The references are primarily U.S. patents assigned to VMWare Inc, which has been marketing the ability to move VMs between servers, as long as they are within the same datacenter. Despite the references, they consider movement between datacenters a hard problem, that will require 2-3 years to solve, as can be seen from their proof of concept announcement in the referenced web pages.

REFERENCES

U.S. Pat. No. 6,795,966—Lim, et al—“Mechanism for restoring, porting, replicating and checkpointing computer systems using state extraction”

U.S. Pat. No. 7,447,854—Cannon—“Tracking and replicating changes to a virtual disk”

U.S. Pat. No. 7,529,897—Waldspurger, et al—“Generating and using checkpoints in a virtual computer system”

US Patent Application 20080270674—Matt Ginzton—“Adjusting Available Persistent Storage During Execution in a Virtual Computer System”

US Patent Application 20090037680—Osten Kit Colbert et at—“ONLINE VIRTUAL MACHINE DISK MIGRATION”

US Patent Application 20090038008—Geoffrey Pike—“Malicious Code Detection”

US Patent Application 20090044274—Dmitri Budko—“Impeding Progress of Malicious Guest Software”

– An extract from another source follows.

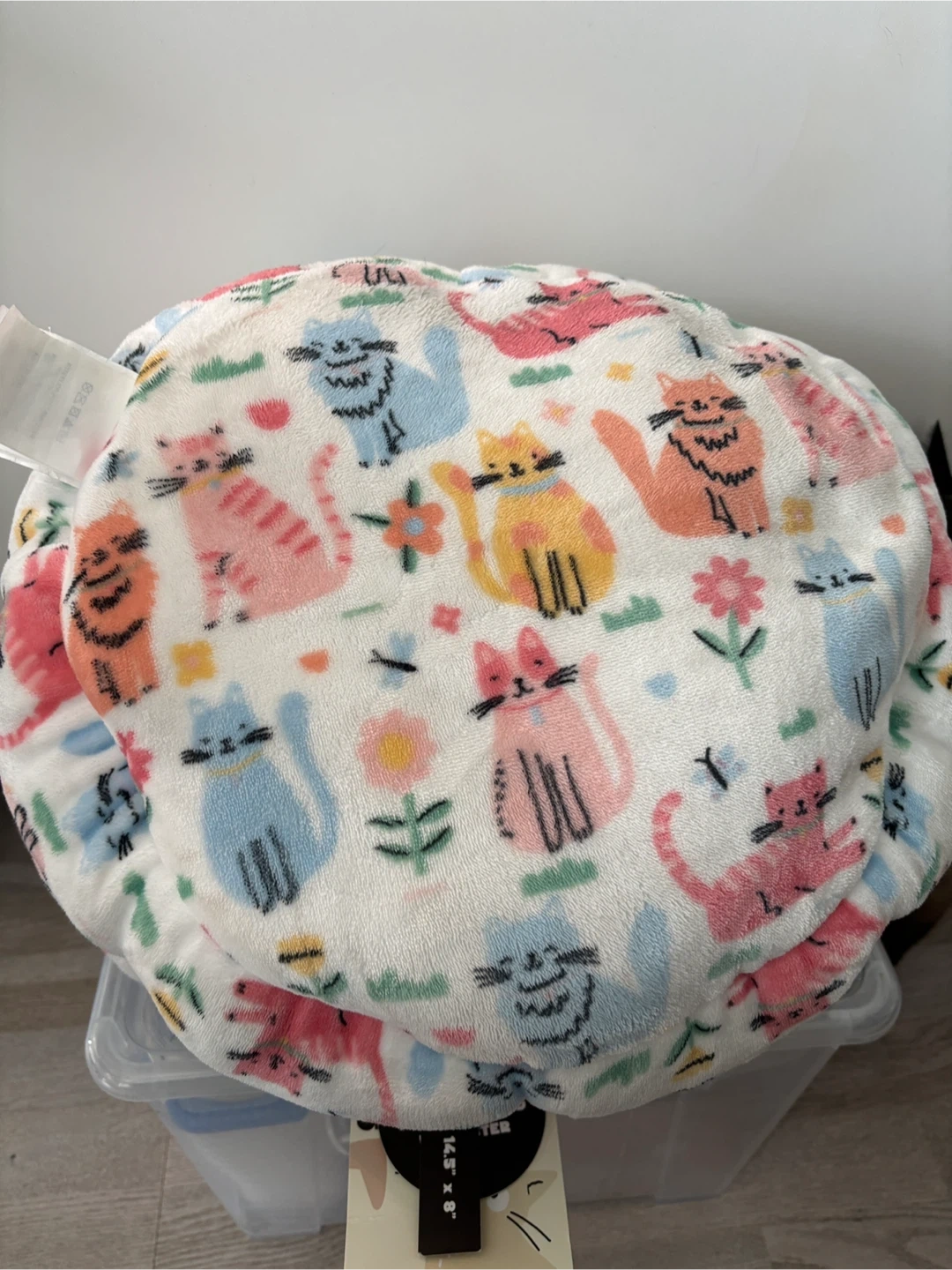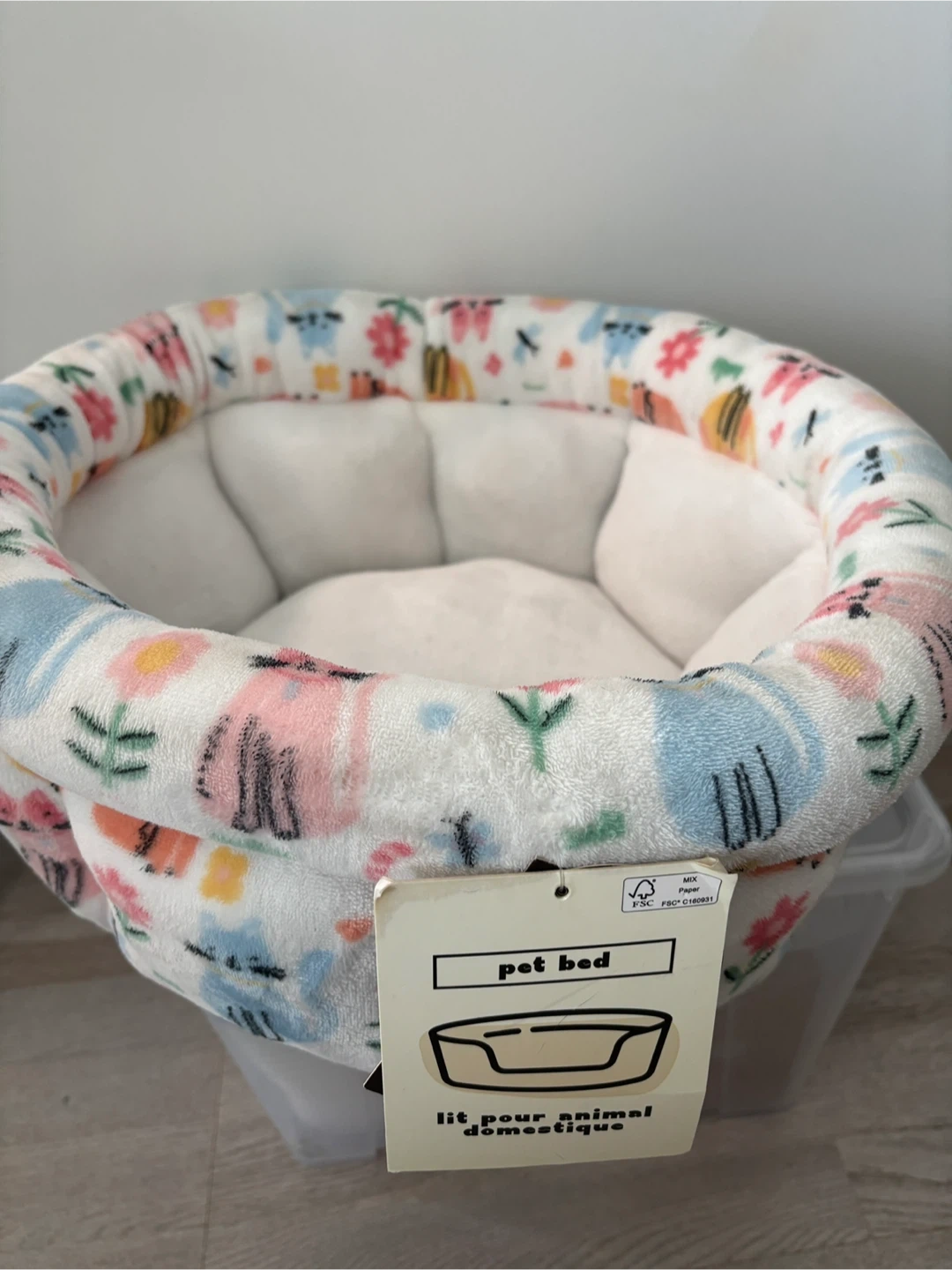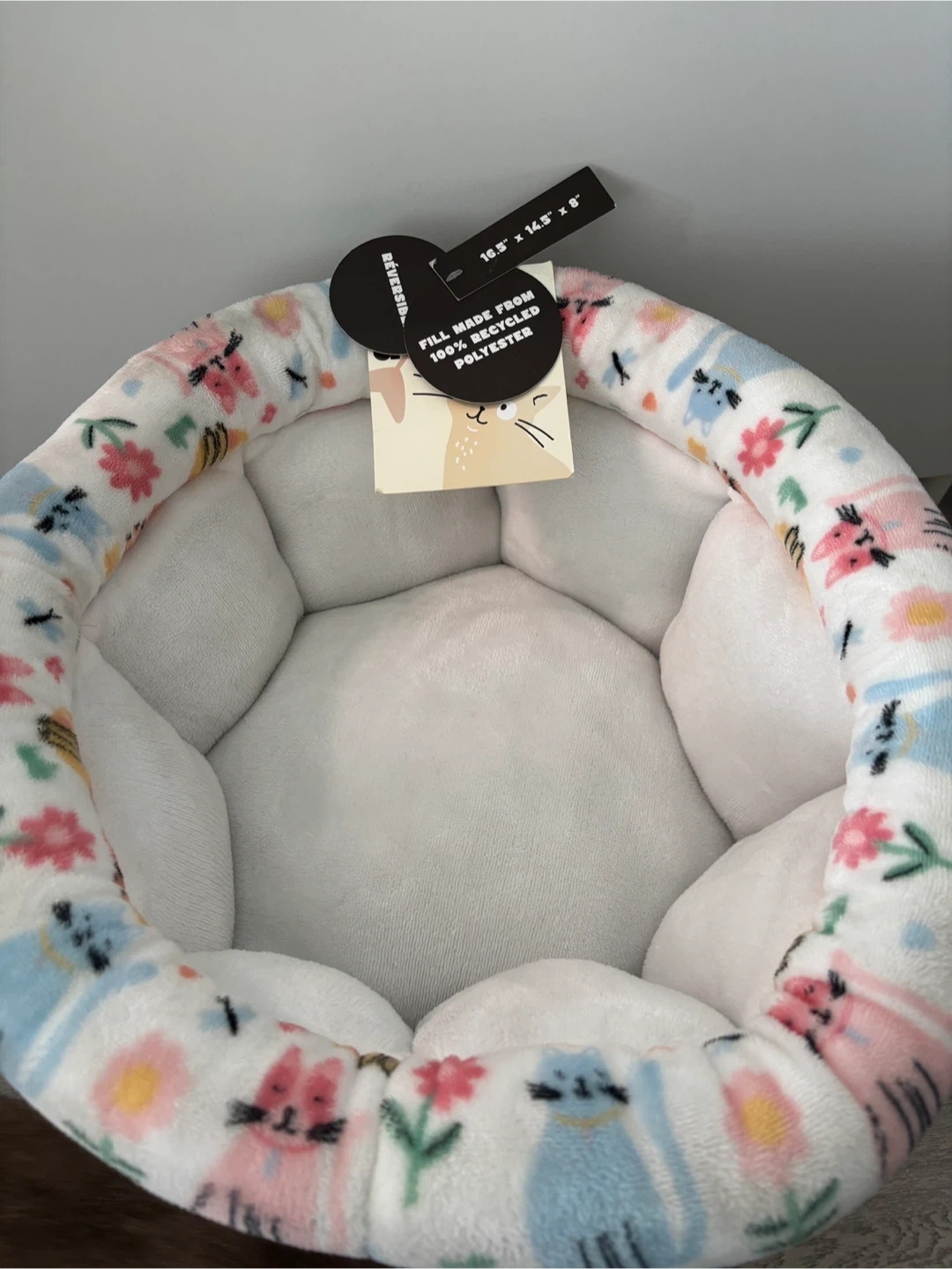 Cozy pet bed with a cute cat and flower pattern. Fill is made from 100% recycled polyester. Dimensions are 16.5" x 14.5" x 5".

Web Page—http://blogs.vmware.com/networking/2009/06/vmotion-between-data-centersa-vmware-and-cisco-proof-of-concept.html

Web Page—http://searchdisasterrecovery.techtarget.com/news/article/0,289142,sid190_gci1360667,00.html

SUMMARY OF THE INVENTION

This invention is an improvement to the current methods of transferring Virtual Machines (VMs)—allowing standard high bandwidth networks to be used for accomplishing the move. Latency requirements are significantly relaxed and the completion of the move is guaranteed as long as the network stays up. Rather than computing whether the network can transfer blocks sufficiently faster than the “dirty rate” to keep reducing the number of dirty blocks, in this invention we slow down the “dirty rate” so it is always lower than the network transfer rate once the goal of moving the VM has been declared.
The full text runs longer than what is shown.